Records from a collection
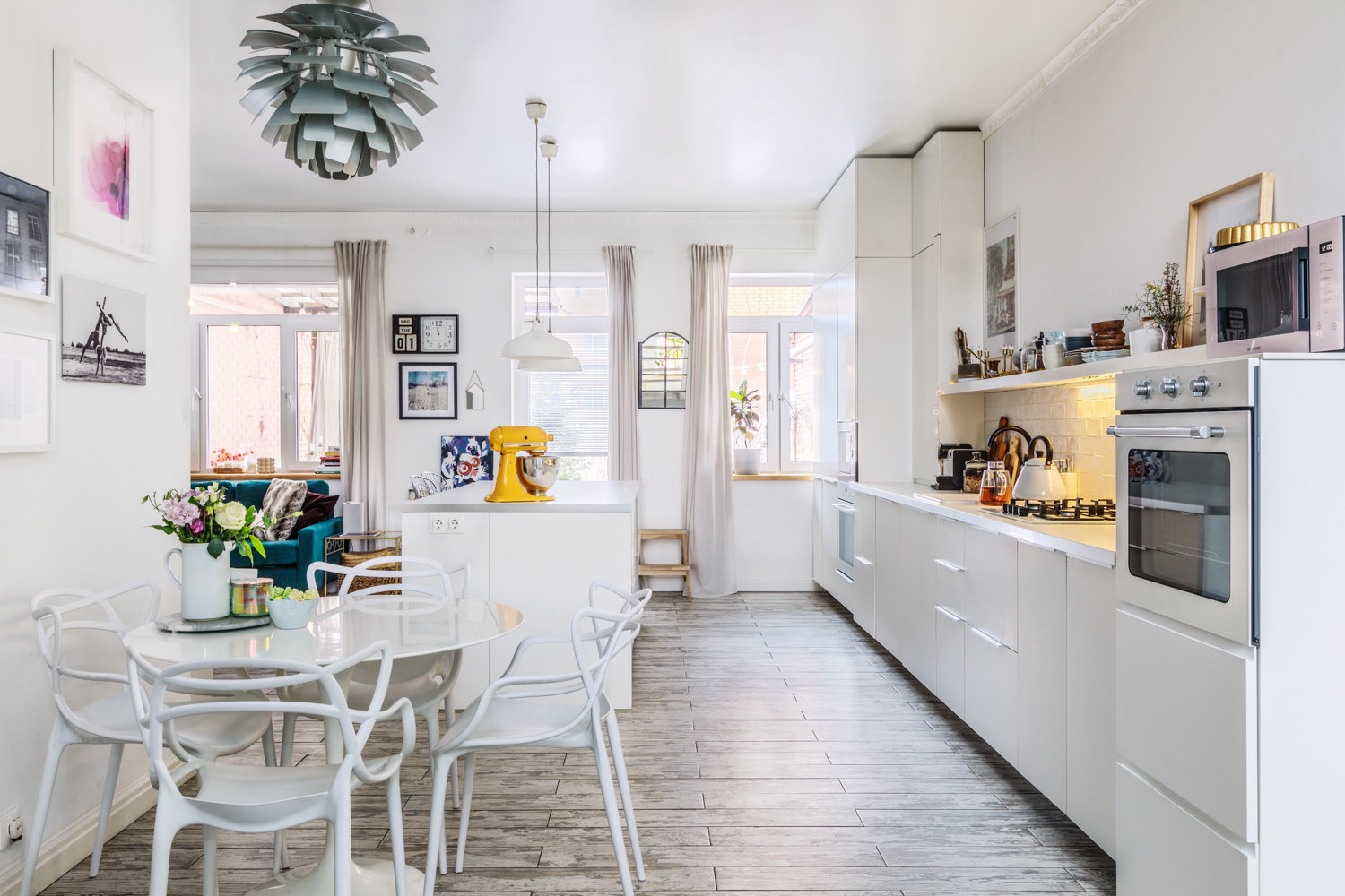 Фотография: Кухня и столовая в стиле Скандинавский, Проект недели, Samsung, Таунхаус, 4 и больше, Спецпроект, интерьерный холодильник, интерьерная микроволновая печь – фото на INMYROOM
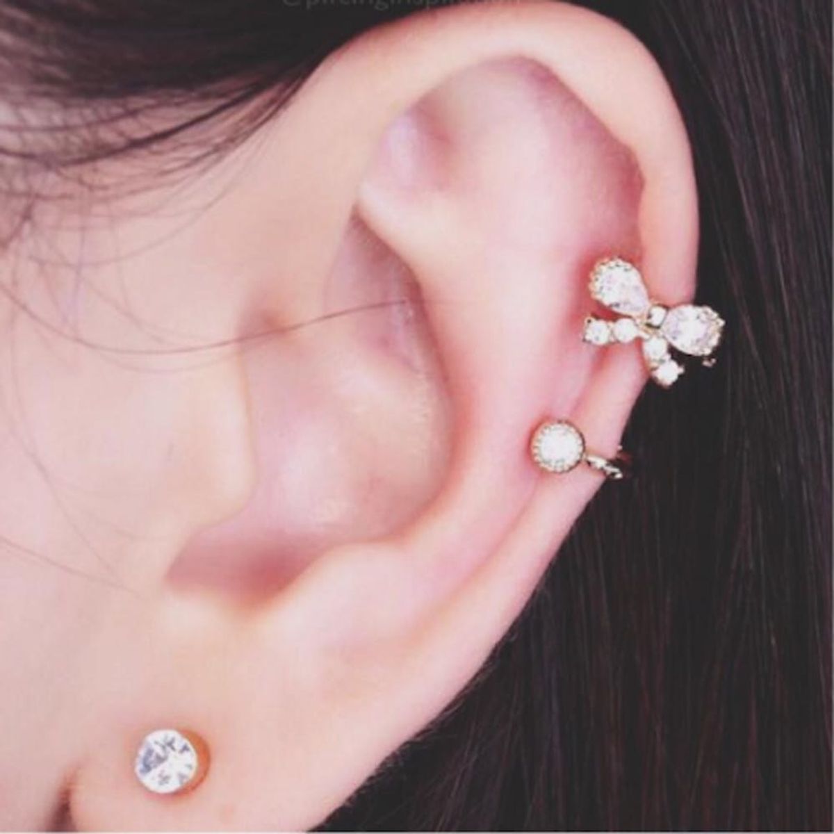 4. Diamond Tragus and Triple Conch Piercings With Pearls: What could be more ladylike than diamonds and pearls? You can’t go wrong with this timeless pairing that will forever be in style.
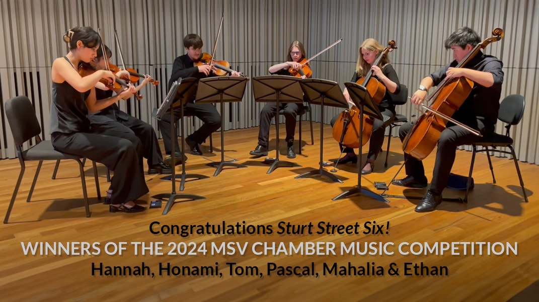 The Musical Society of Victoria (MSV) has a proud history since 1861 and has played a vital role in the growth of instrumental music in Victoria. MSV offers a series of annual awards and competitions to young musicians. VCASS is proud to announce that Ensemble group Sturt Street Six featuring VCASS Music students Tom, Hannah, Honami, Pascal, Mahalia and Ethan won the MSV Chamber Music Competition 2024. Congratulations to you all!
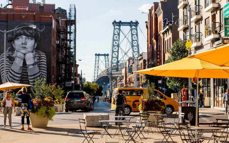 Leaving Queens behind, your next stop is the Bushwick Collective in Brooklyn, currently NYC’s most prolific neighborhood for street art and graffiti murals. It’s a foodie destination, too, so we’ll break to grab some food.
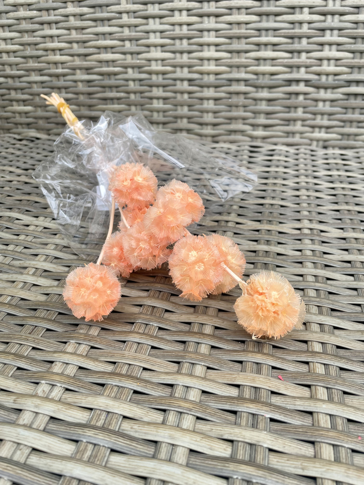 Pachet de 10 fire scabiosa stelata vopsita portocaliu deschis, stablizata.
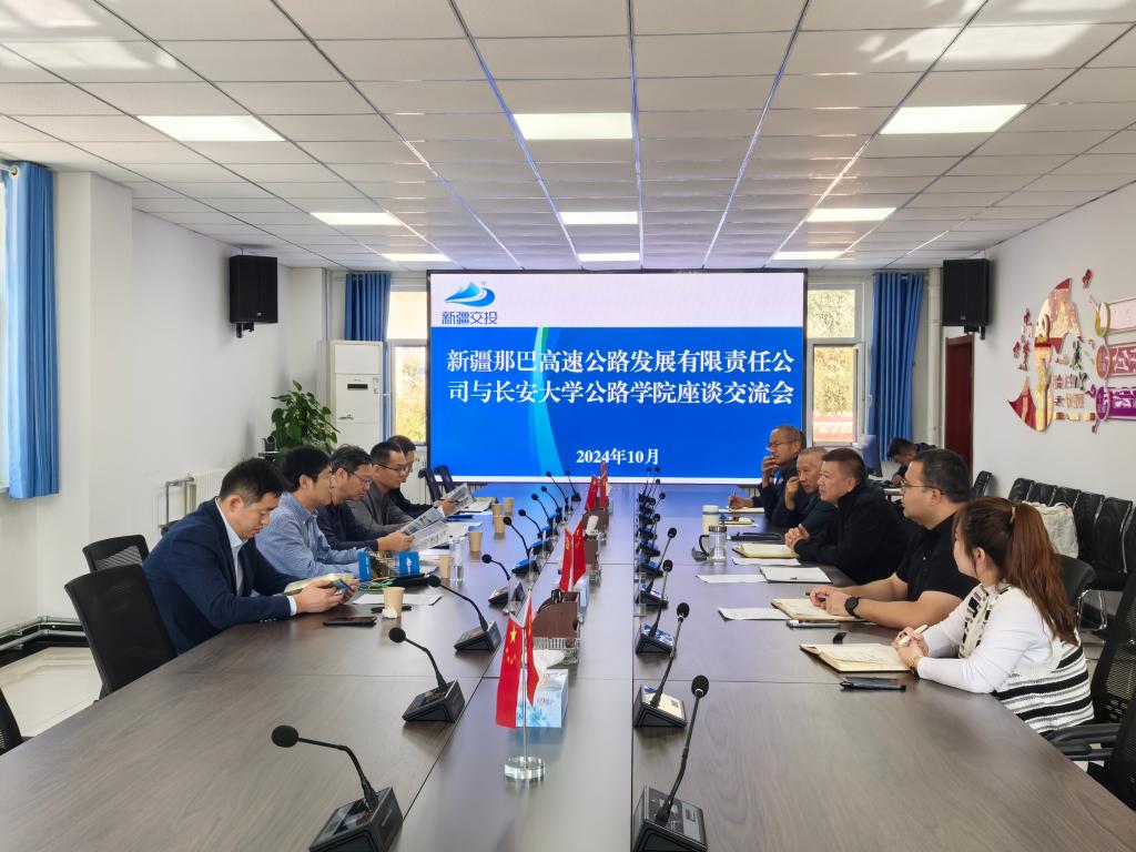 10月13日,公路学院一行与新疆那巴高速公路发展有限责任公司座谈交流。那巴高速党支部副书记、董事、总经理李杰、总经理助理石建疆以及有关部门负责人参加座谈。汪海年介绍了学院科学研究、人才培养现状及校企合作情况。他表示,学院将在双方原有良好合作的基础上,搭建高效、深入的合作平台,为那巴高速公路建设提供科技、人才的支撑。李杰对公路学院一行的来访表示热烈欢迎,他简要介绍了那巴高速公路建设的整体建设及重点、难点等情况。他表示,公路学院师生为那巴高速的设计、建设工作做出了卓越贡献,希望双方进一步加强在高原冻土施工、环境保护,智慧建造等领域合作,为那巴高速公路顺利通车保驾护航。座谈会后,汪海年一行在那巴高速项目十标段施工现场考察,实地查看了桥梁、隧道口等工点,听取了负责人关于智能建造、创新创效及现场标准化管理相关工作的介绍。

--

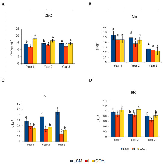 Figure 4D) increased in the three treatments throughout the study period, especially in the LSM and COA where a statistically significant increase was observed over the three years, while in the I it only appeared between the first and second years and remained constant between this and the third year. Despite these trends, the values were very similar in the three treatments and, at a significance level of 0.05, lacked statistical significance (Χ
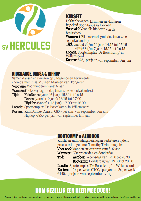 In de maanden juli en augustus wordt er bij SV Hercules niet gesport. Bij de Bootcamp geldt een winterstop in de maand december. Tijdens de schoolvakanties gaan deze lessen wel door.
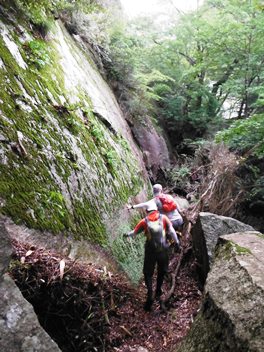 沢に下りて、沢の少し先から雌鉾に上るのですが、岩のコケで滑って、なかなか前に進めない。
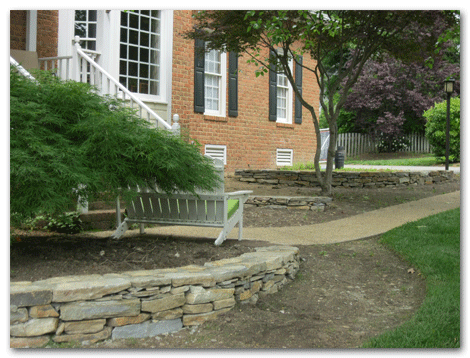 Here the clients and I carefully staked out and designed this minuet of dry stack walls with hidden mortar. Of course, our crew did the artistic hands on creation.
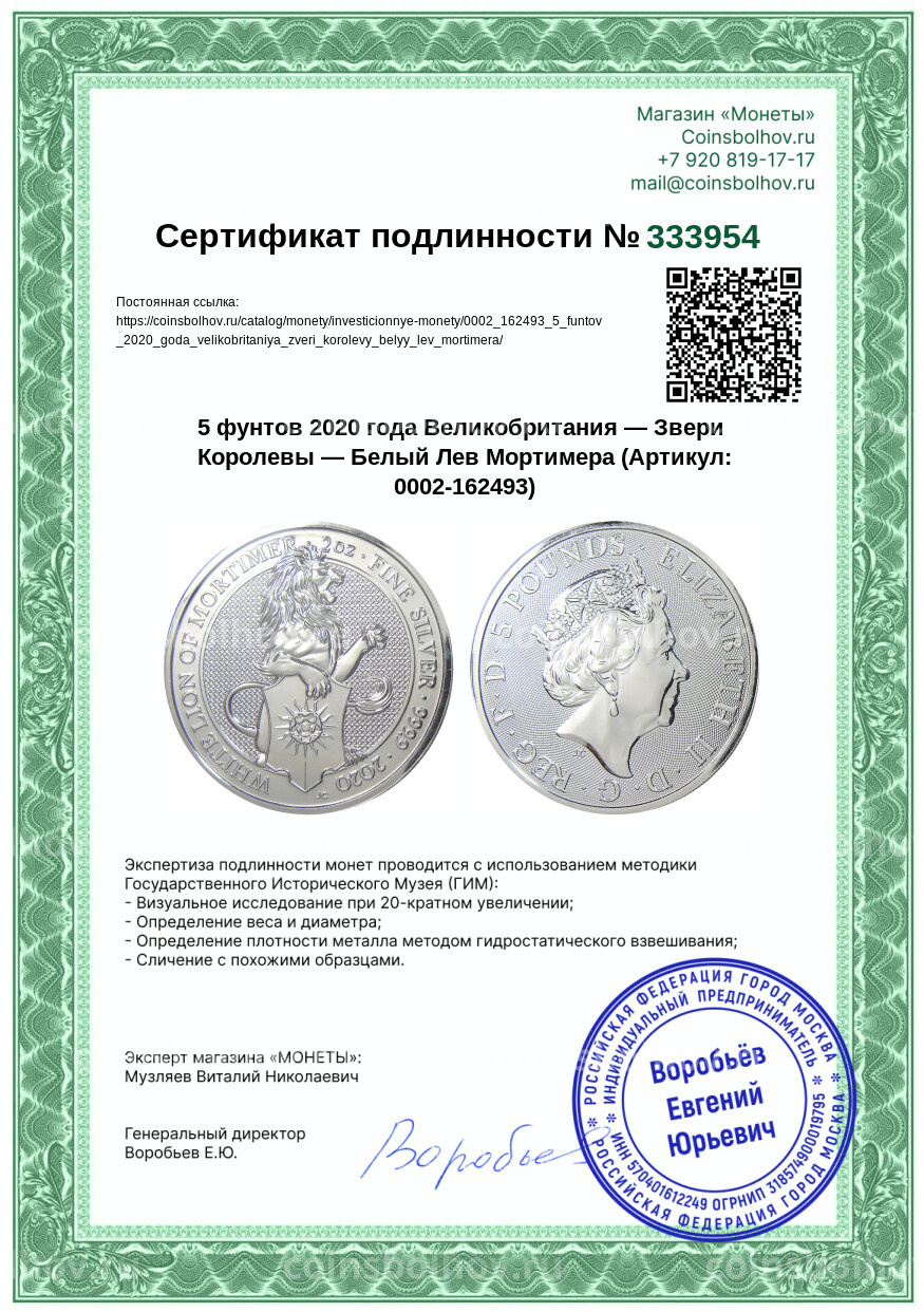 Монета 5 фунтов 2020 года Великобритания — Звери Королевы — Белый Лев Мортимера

» Exercise directions
From the records above, transcribe exactly the lines starting at the one containing "In de maanden" and ending at the one containing "Монета 5 фунтов". Skip the pictures.

» Solution
 In de maanden juli en augustus wordt er bij SV Hercules niet gesport. Bij de Bootcamp geldt een winterstop in de maand december. Tijdens de schoolvakanties gaan deze lessen wel door.
 沢に下りて、沢の少し先から雌鉾に上るのですが、岩のコケで滑って、なかなか前に進めない。
 Here the clients and I carefully staked out and designed this minuet of dry stack walls with hidden mortar. Of course, our crew did the artistic hands on creation.
 Монета 5 фунтов 2020 года Великобритания — Звери Королевы — Белый Лев Мортимера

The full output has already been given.